It's been a few weeks since I returned from Vietnam and found that I was missing Vietnam’s culture and nature, but mostly it was the connections with the people. While sorting through my pictures, I was back with the Hmong and remembered learning a lot from this minority group while staying with a young Hmong woman named Ma.

Ma a trekking guide for the FAM trip

Ma is a trekking guide and has just started a homestay in Lao Chai. During our first introduction, she invited me to stay with her and was very eager to get to know me. During our time in Lao Chai I spent a night at her place and was amazed by her great English skills and her sense of humour. Ma is only two years younger than me and although we are from very different countries and cultures I realized that we both share similar values.

Family is an important aspect of my culture as well as for the Hmong. Ma believes in family bonding and support for one another. In Hmong culture the whole family works together whether it's building a home or planting rice. Ma stayed with her family-in-law for three years while everyone helped build her new home. I was impressed with this cultural behaviour since it would be uncommon to find this level of support from people in my culture.

Ma’s house and rice field

I have worked many summers on various farms and developed an appreciation for nature. The Hmong people also value their natural surroundings for its diversity and balance. Ma thinks that letting her children play outside is good for them. It allows kids to experience danger themselves and have a better understanding of their environments. In addition, since Ma is also a farmer, nature becomes a necessity, she learned to respect the land at a very young age.

Another value Ma and I share is our open-mindedness. We are both curious about each other’s culture and we appreciate each other’s differences. Ma questioned me a lot about my life back home, especially about my diet and my family. During our goodbyes, she once again amused me when she spontaneously told me that I should have children soon while my body is still young. I laughed, but quickly felt sad to realize that I will deeply miss my new friend.
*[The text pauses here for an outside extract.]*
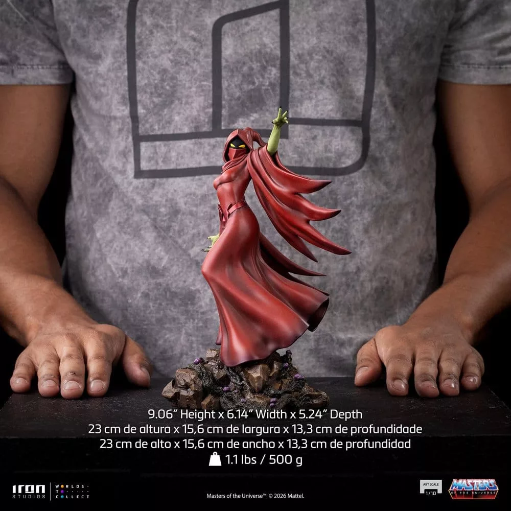 Produced by Iron Studios, this Art Scale 1/10 statue showcases refined sculpting and meticulously hand-painted finishes. From the flowing robes and concealed visage to the dramatic pose and themed base, every element is crafted to convey menace, intrigue, and the dark fantasy aesthetic that defines Eternia's most dangerous spellcasters.
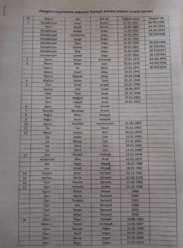 Məlum olub ki, siyahıda adları qeyd olunmuş 60 suriyalı erməni (cəmi 19 ailə) işğal olunmuş ərazilərdə Ermənistan tərəfindən aparılmış qanunsuz məskunlaşma prosesində Zəngilan rayonu ərazisinə köçürülüb.

Ma and I before trekking the Muong Hua Valley

Working and living with the Hmong showed me how welcoming certain culture may be. Ma and many others have a generosity I have never seen and experienced before. Reflecting on the trip and our shared values I feel I have a better appreciation for simplicity and try to find happiness in the smallest things. Amongst this community, I have learned to be more respectful, attentive and patient with one another.

I would like to thank Capilano University, CBT Vietnam, PATA, and everyone that made this project possible. Without everyone’s initiative and hard work, I would not have the opportunity to meet inspiring and unforgettable people, such as Ma.